This is a very significant move which, unfortunately, didn’t happen soon enough to affect June CPI or PPI.
Long-time readers know that I’ve been harping on inflation for a long time. The reason is simple: math.
Annual “headline” CPI, which is the one we all fret about, is based on the year-over-year increase in prices – which is why I started worry about inflation in March 2020 after oil and gas prices cratered.
I did a deep dive on the historical relationship between oil and gas prices and inflation and quickly discovered that the incredibly strong correlation which we began writing about in 2018 was likely to produce some truly scary results.
Up until late 2018, falling oil and gas prices had been responsible for CPI generally remaining below 2%. This chart from Jan 15, 2019 [see: The Big Picture] illustrated how every time inflation got a little out of control (over 2%) gas prices cratered enough to bring it back in line.
Interest rates had risen right along with inflation until October 4, 2018 at which point I called a top in both [see: The 10Y Breaks Out.] The fundamentals didn’t suggest it at all.
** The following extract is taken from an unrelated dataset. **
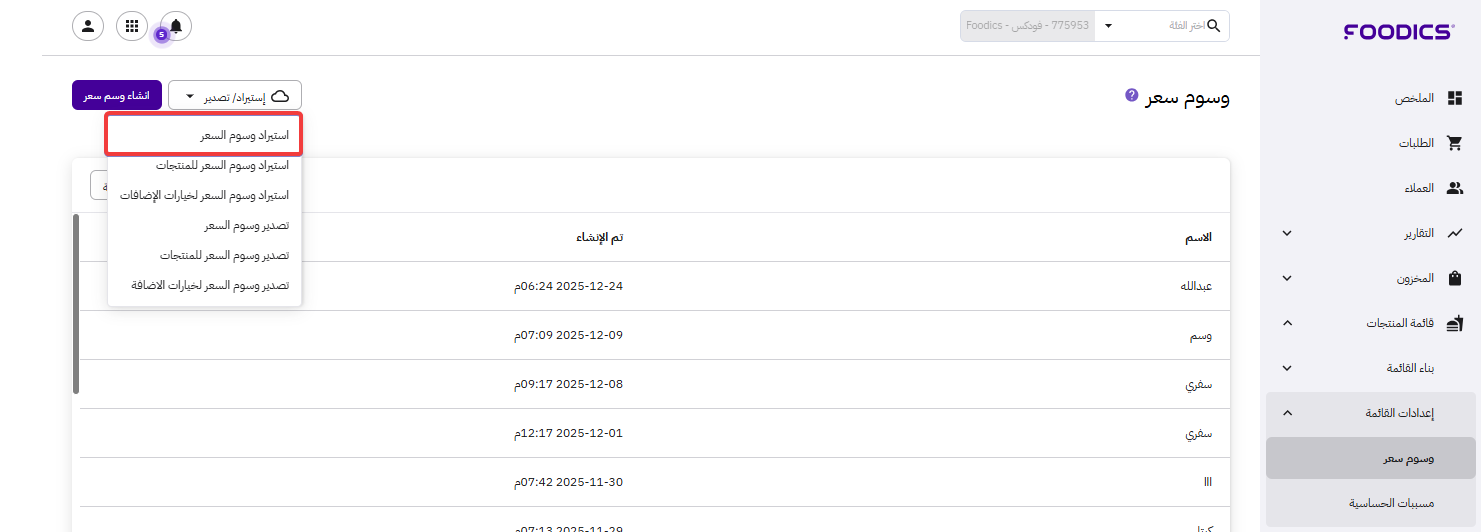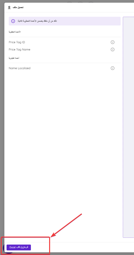 2. اضغط على استيراد وسوم السعر

In fact, more than a few observers questioned my sanity. But, I reasoned that the recent breakout in rates from a 20-yr channel would prompt the usual response: a sharp decline in oil and gas prices as shown above.
Trump had been tweeting up a storm with no effect…
…until one day the Saudis handed him a gift. Journalist Jamal Khashoggi, a thorn in the side of the Saudi crown prince, was murdered and dismembered at what was obviously the direction of said prince. The world was pissed and MBS went from being the “cool Saudi” to an international pariah overnight. Trump suddenly had leverage. From Coincidences and Consequences:
Many considered my connecting the dots in this way a bit of a leap, but it was confirmed by Trump himself while being interviewed by Bob Woodward for his book Rage.
Long story short, oil and gas nosedived – along with stocks – until they both bottomed out in December. CPI, which had been as high as 2.95% a few months prior, had dropped to 1.55% by Jan 2019.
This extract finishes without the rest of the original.